I’ve got a good life, I’m happy most days. I’ve worked hard and smart to be where I am now and continue to work hard, but none of it matters much to me without love because love is only thing that people crave in this life.
I can write a book on being single (I actually did), I can tell you how wonderful it is because some days it is wonderful. Some days I love nothing more than being single, it makes me feel like I’m on top of the world. It makes me feel whole and alive and like nothing could ever make me come down from the high I’m on. I laugh at the thought of dating, in being reliant and basically dependent on someone, but that’s only on the good days.
On the bad days I feel a sting of loneliness that bites and makes me question everything that’s wrong with me. It makes me wonder what God has planned for me in order to keep putting me through this vicious cycle of falling and being rejected. It makes me feel like I’m unlovable.
It makes me realize I would choose love over everything else.
I would choose love over being rich or famous or successful, in a second. I would rather marry someone I love with every fiber in my being than even consider marrying someone I don’t love fully for money. I would never trade my relationship with someone I love for a career. I would never date someone in order to maybe be in the spot light a few times in my life because none of that matters to me.

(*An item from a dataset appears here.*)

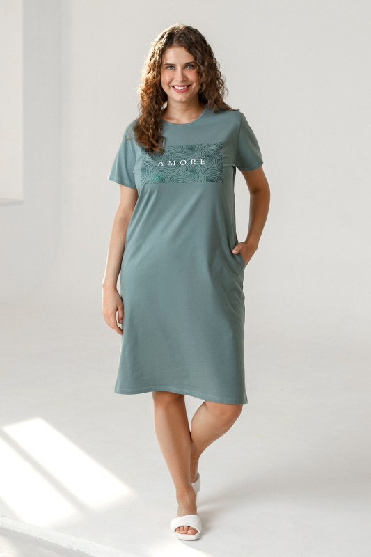 Туника женская из гладокрашенного трикотажного полотна «кулирка», прямого силуэта, с короткими втачными рукавами, горловиной овальной формы, окантованной основным материалом, карманами и разрезами в боковых швах и принтом на полочке в технике «шелкография».

The only thing that matters to me is love, is true, honest, real love.
That’s not to say you can’t balance a successful career and a successful, love filled relationship because you definitely can, but I would never sacrifice my relationship for a career, or money.

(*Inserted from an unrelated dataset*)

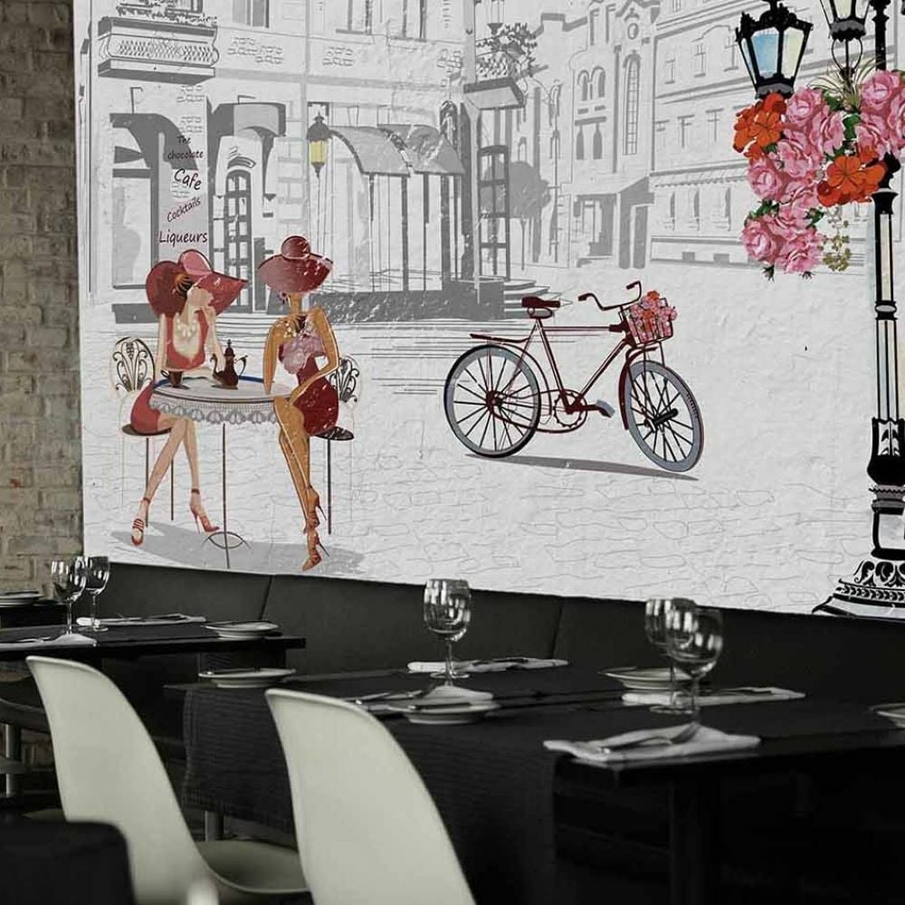 Cafe De Oturan Kırmızılı Kadınlar Duvar Kağıdı

I wouldn’t care if we lived in a shack, if we did what we loved every day and we were happy with our lives and ourselves.
I’d live out of a van, in a shack or in a motel. I’ve never worried about where I’d live as long as I’m with the person I love and we can afford the basic things we need to live I’ll be happy.
I’d go anywhere, as long as we’re happy because I’d choose love over everything.
I believe you have to choose love over everything else because while I sit here typing this and consider all the accomplishments I have in my life I realize none of them really matter because I don’t have anyone to share them with. You can only be so happy for yourself, there are only so many things that can bring you joy before you need another human being to bring you joy and that joy sprouts from love.
Life is a long trip alone because it supposed to be you versus the world, you’re supposed to have your best friend, your biggest support system and your person by your side. There is only so much you can do by yourself and handle when times get tough. Life is meant to be shared with someone you love.
I would choose love over anything because materials mean so little when someone could mean so much, and with the love of your life by your side that’s all you need to make it through everything.